# AIM OF THE EXERCISE
Starting with the line where "Group of three" appears, print every line through the end of the entries below exactly as it stands, and leave out the pictures.

# DATA IN THIS EXERCISE
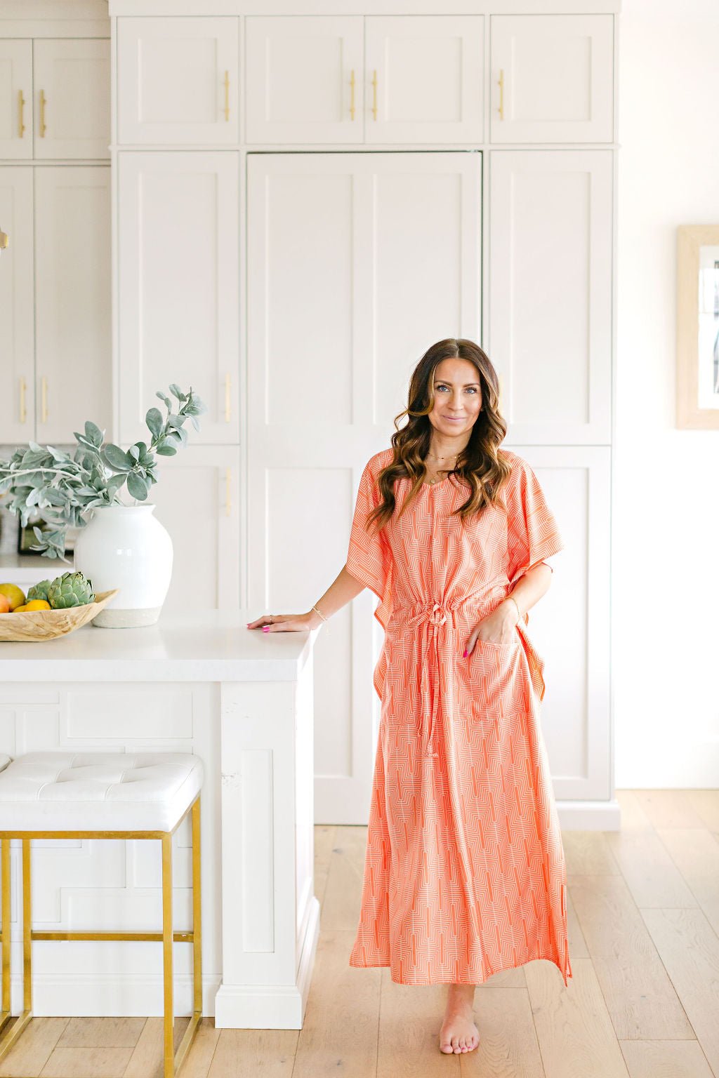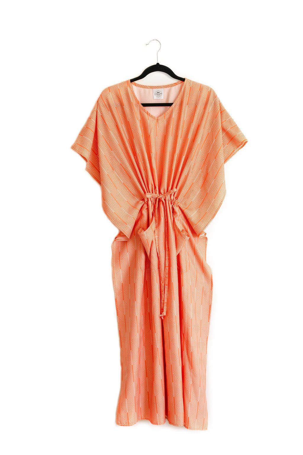 Perfect peach and cream geometric design. Our house dress, made of a lightweight, soft, synthetic silk, is effortless and easy. It's designed for full functionality with a drawstring waist to manage tightness, front pockets, and fabric that flows and hangs well on all body types. This dress fits comfortably sizes 0-16 and our extended size fits 14-3x. Easy care. Machine wash, tumble dry and remove promptly for best results.
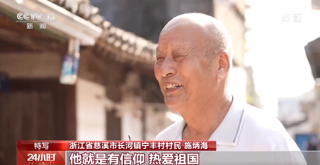浙江省慈溪市长河镇宁丰村村民 施炳海:他就是有信仰,热爱祖国,对五星红旗的热爱。
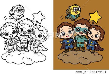 Group of three superhero kids with a flying superhero baby and a star on a cloud
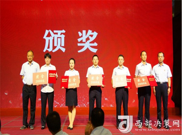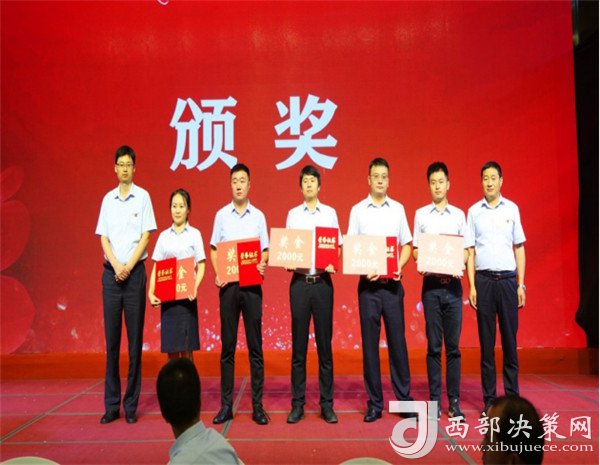 西鳳股份公司副總經(jīng)理、董事會(huì)秘書張周虎,西鳳集團(tuán)公司工會(huì)主席陳軍紅為受表彰的先進(jìn)個(gè)人頒獎(jiǎng)
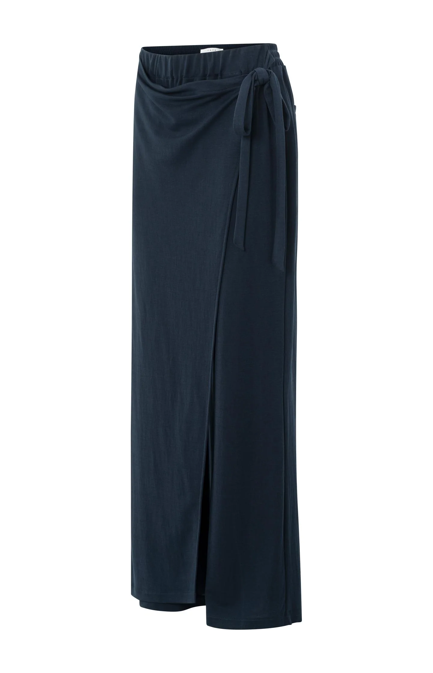 This stylish jersey trousers are made from a soft, supple fabric and feature a unique wrap skirt effect at the front. The elastic waistband with drawstring adds extra comfort. Designed with wide legs, side pockets, and welt pockets at the back. A feminine and contemporary design, perfect for an elegant summer look. The model is 178 cm and wears size 36.

# YOUR RESPONSE
 Group of three superhero kids with a flying superhero baby and a star on a cloud
 西鳳股份公司副總經(jīng)理、董事會(huì)秘書張周虎,西鳳集團(tuán)公司工會(huì)主席陳軍紅為受表彰的先進(jìn)個(gè)人頒獎(jiǎng)
 This stylish jersey trousers are made from a soft, supple fabric and feature a unique wrap skirt effect at the front. The elastic waistband with drawstring adds extra comfort. Designed with wide legs, side pockets, and welt pockets at the back. A feminine and contemporary design, perfect for an elegant summer look. The model is 178 cm and wears size 36.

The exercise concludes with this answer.